Le ultime notizie risalgono al 28 maggio scorso. E già allora non erano rose e fiori: il Comune di Como aveva appena revocato la concessione del centro sportivo di Lazzago intitolato a Piero Russolillo all’Ardisci e Spera (successivamente diventata Ardisci Maslianico, società nata dalla fusione della gloriosa Ardisci e Spera 1906, che su quei campi ha scritto molta della storia degli ultimi 35 anni, e dell’altrettanto storica Maslianico, fondata addirittura nel 1902). Al centro della contesa – con strascichi polemici non indifferenti – circa 100mila euro di arretrati (accumulati in anni). Ma al netto di come andrà a finire questa vicenda economico-amministrativa, è il riflesso sportivo che qui interessa. E, come testimoniano le immagini, questo è drammatico perché dalla scorsa primavera a Lazzago il tempo non si è solo fermato: ha fatto anche danni, che si sommano a una situazione difficile che viene da lontano. Ora l’abbandono totale non ha aiutato. Anzi,

Il centro sportivo cade letteralmente a pezzi. Le strutture prefabbricate e in muratura che ospitano gli spogliatoi e la zona bar versano in un degrado pesantissimo e alcune porte – in special modo quelle che danno sul campetto di allenamento verso il parcheggio – sono divelte o completamente aperte. Diversi poi i vetri rotti.

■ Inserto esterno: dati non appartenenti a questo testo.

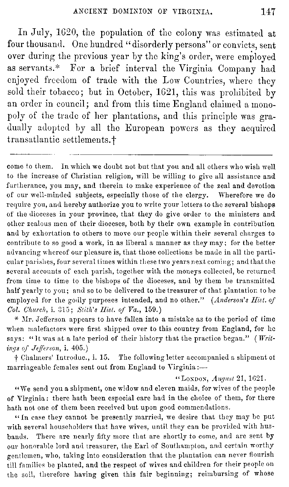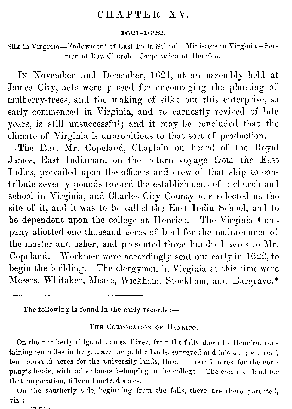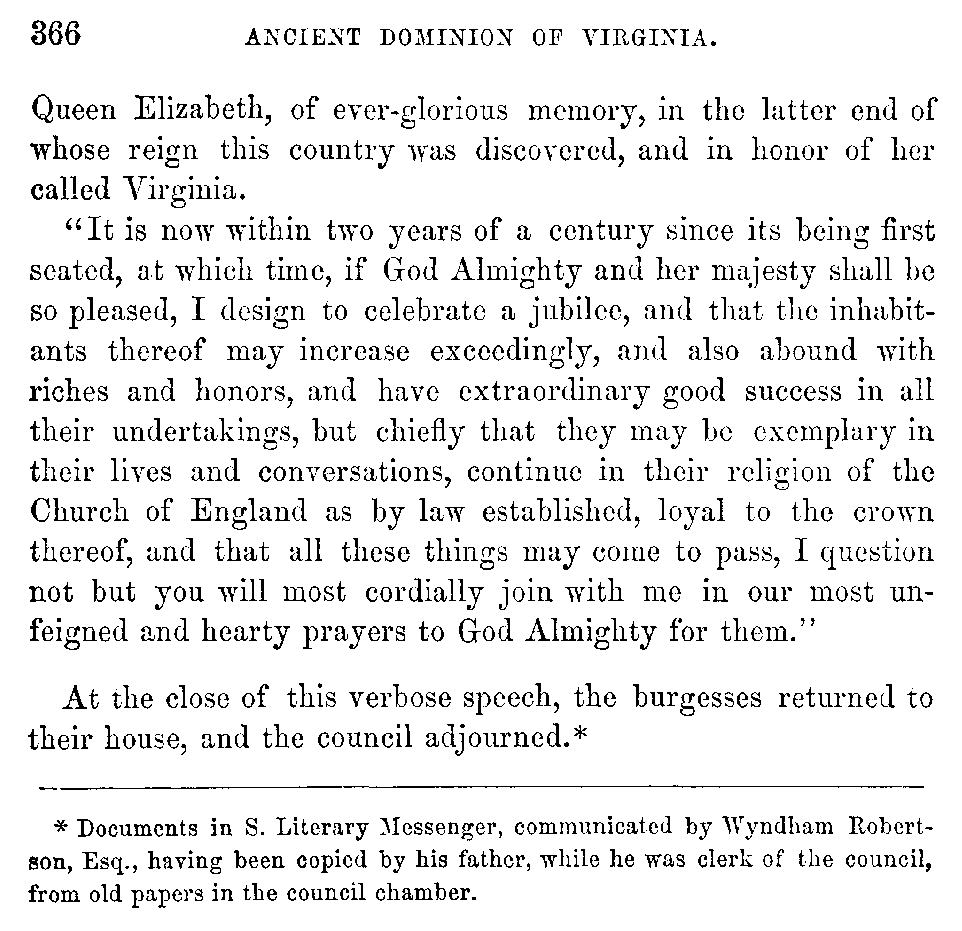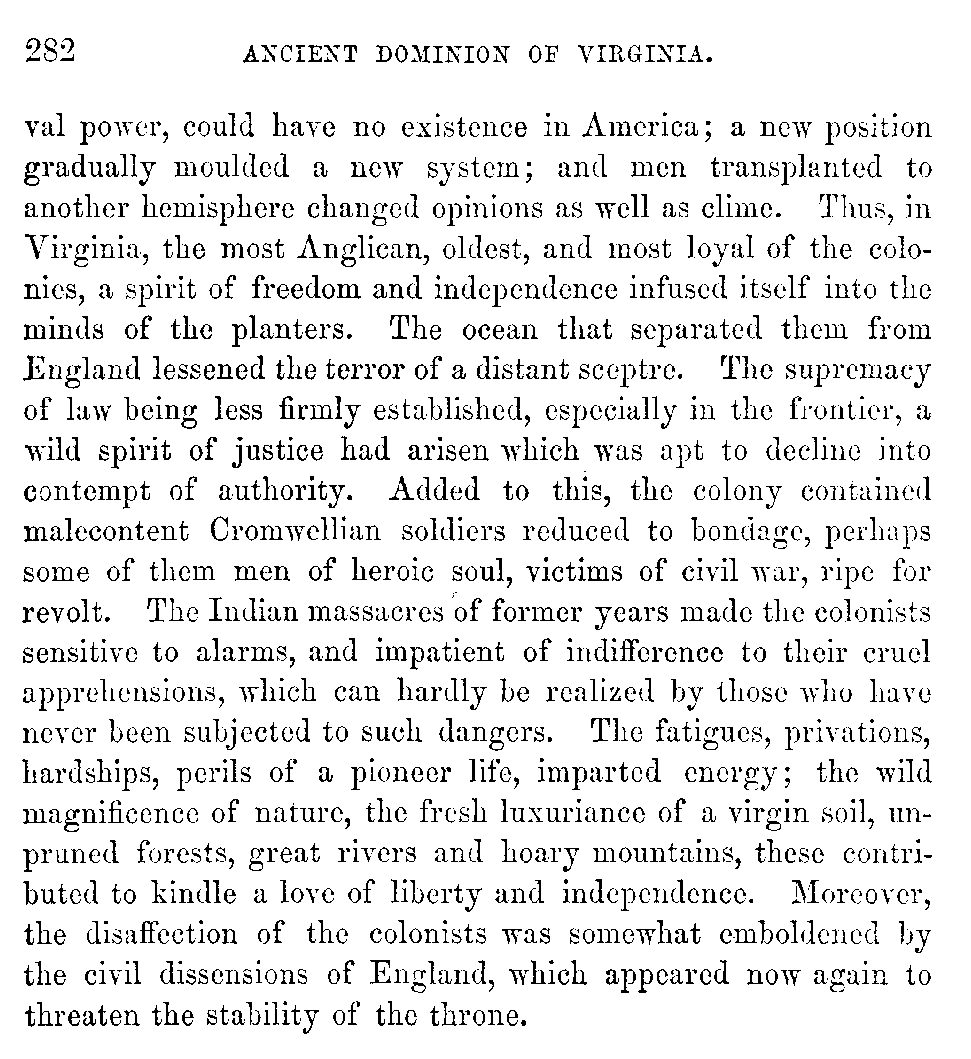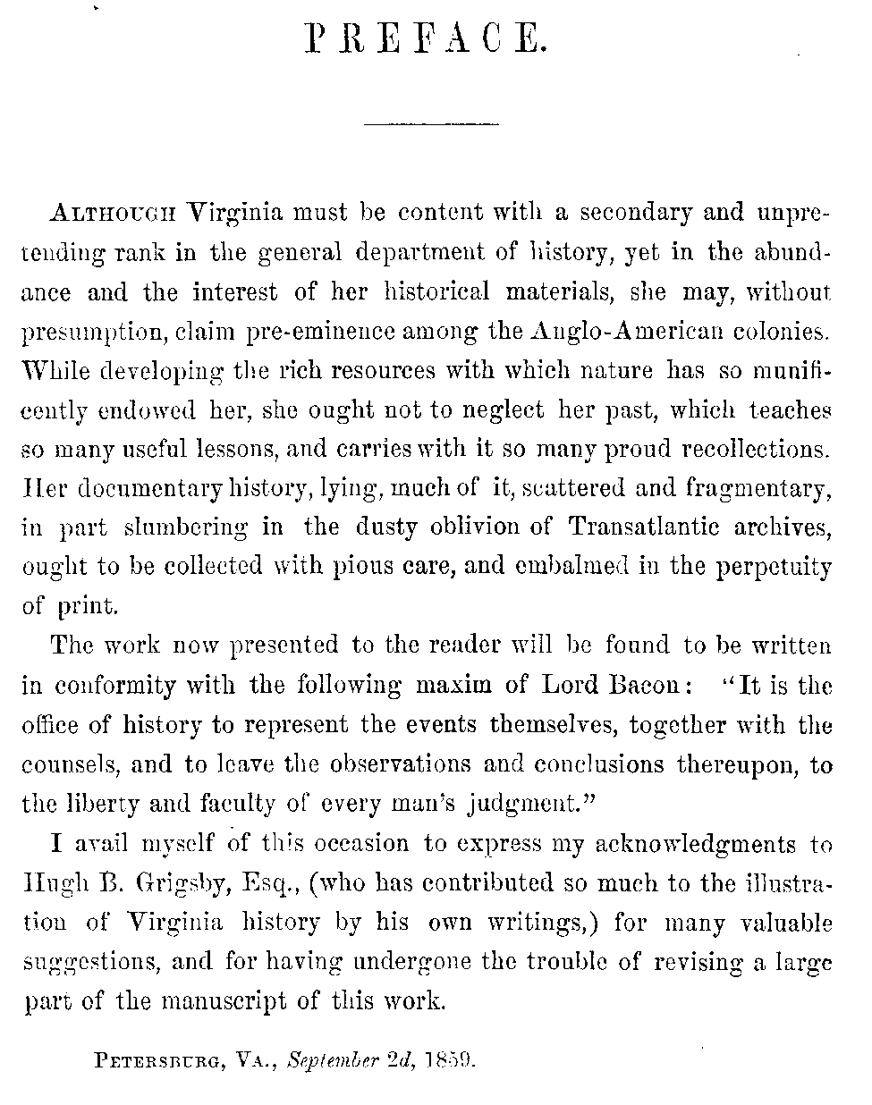 Although Virginia must be content with a secondary and unpretending rank in the general department of history, yet in the abundance and the interest of her historical materials, she may, without presumption, claim pre-eminence among the Anglo-American colonies. While developing the rich resources with which nature has so munificently endowed her, she ought not to neglect her past, which teaches so many useful lessons, and carries with it so many proud recollections. Her documentary history, lying, much of it, scattered and fragmentary, in part slumbering in the dusty oblivion of Transatlantic archives, ought to be collected with pious care, and embalmed in the perpetuity of print.

Per quanto riguarda i campi da calcio, sono in condizioni disastrose. Quello a 11 che ospitava le partite è ridotto a una specie di steppa tra erba bruciata e altre zone dove invece i ciuffi sono alti decine di centimetri. Naturalmente, nessun segno di linee o differenza tra aree, metà campo e altre zone: tutto un orrendo tappeto abbandonato.


Le panchine, sul lato sinistro guardando dalla Varesina, mancano di alcuni pezzi e giacciono nel silenzio tra le erbacce.

Il campetto d’allenamento e per le partitelle accanto, non si capisce bene nemmeno in che cosa si è trasformato: ipotizzare sfide a calcio lì, oggi è impossibile.

Insomma, lo storico centro sportivo comunale è finito nel degrado più assoluto, peraltro quando ormai la nuova stagione calcistica è alle porte, quando non già iniziata con le preparazioni atletiche.

Ma a Lazzago, in quello che fu il fortino biancorosso della mitica Ardisci e Spera, dedicato al giovanissimo calciatore della società Piero Russolillo, mancato anni fa in un tragico incidente stradale, di tiri, parate e fughe sulla fascia non c’è più traccia. Vince solo l’oblio.